Der Beginn der Saison erlebte einen Paukenschlag: Brendan Rodgers, der bekannte Mastermind, der die Glorreichen Jahre geprägt hat, verlässt das Boot inmitten eines schlechten Saisonstarts. Eine trübe Initialphase, begleitet von internen Konflikten mit dem Vorstand, hinderte Celtic daran, die Champions League zu erreichen, und auch die Meisterschaftsambitionen wurden durch einen Rückstand von acht Punkten auf Hearts gebremst. Doch die wackelige Phase wurde durch eine Interimslösung mit Martin O’Neill, einer lebenden Legende des Vereins, gestützt. Innerhalb von nur acht Spielen kehrte Stabilität ein, mit sieben Siegen, nur einer Niederlage und einer beeindruckenden Serie in der Liga, die die Bhoys bis auf Augenhöhe mit Hearts führte.

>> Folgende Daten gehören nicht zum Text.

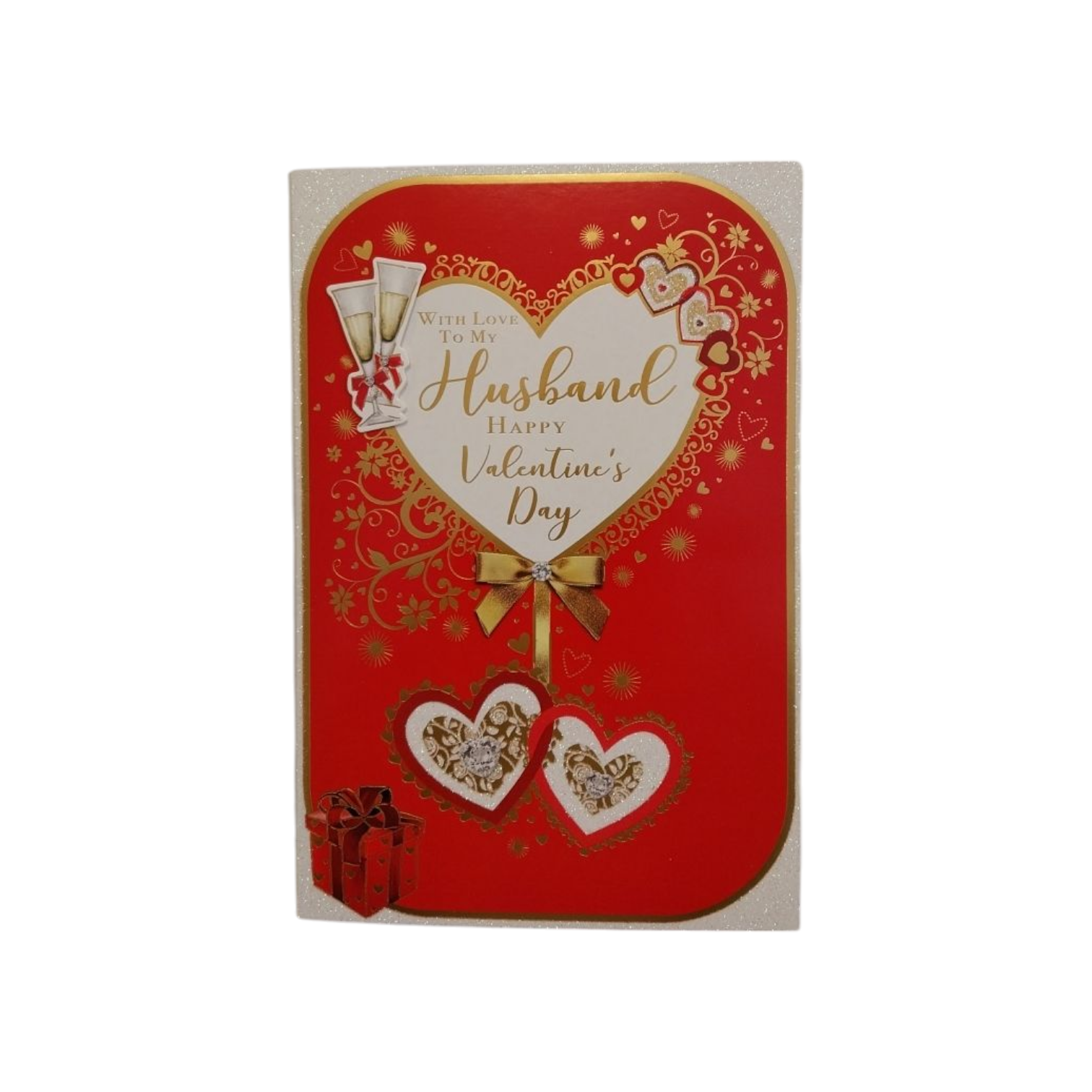 To My Husband Gold Foil Finished Red Valentine's Day Card. Delve into the season of love and make sure your husband feels treasured and loved, with this gorgeous Valentine's day card from Xpress Yourself. The perfect way to warm his heart. This textured card features gold foil details, embossed elements, ribbon and gems attached and comes with white envelope.

Doch die Saison ist geprägt von Instabilität. Mit Wilfried Nancy kam im Dezember ein weiterer Trainer, der nur acht Spiele überlebte – ein Beweis für die hohen Ansprüche und die emotionalen Höhenflüge, die Celtic in dieser Saison erlebt. Seine acht Spiele brachten nur zwei Siege, vier Niederlagen und zwei Unentschieden, was ihn zu einem der weniger erfolgreichen Trainer in der jüngeren Geschichte macht. Das bisherige Jahr ist eine Achterbahnfahrt zwischen Hoffnungen und Frustrationen. Der einstige Hoffnungsträger Martin O’Neill hat nun wieder das Ruder übernommen, und mit seinem zweiten Anlauf zeigt Celtic wieder die berühmte Kampfbereitschaft, gewonnene Spiele und eine blockierende Abwehr, die den Eindruck vermitteln: Celtic ist immer noch gefährlich.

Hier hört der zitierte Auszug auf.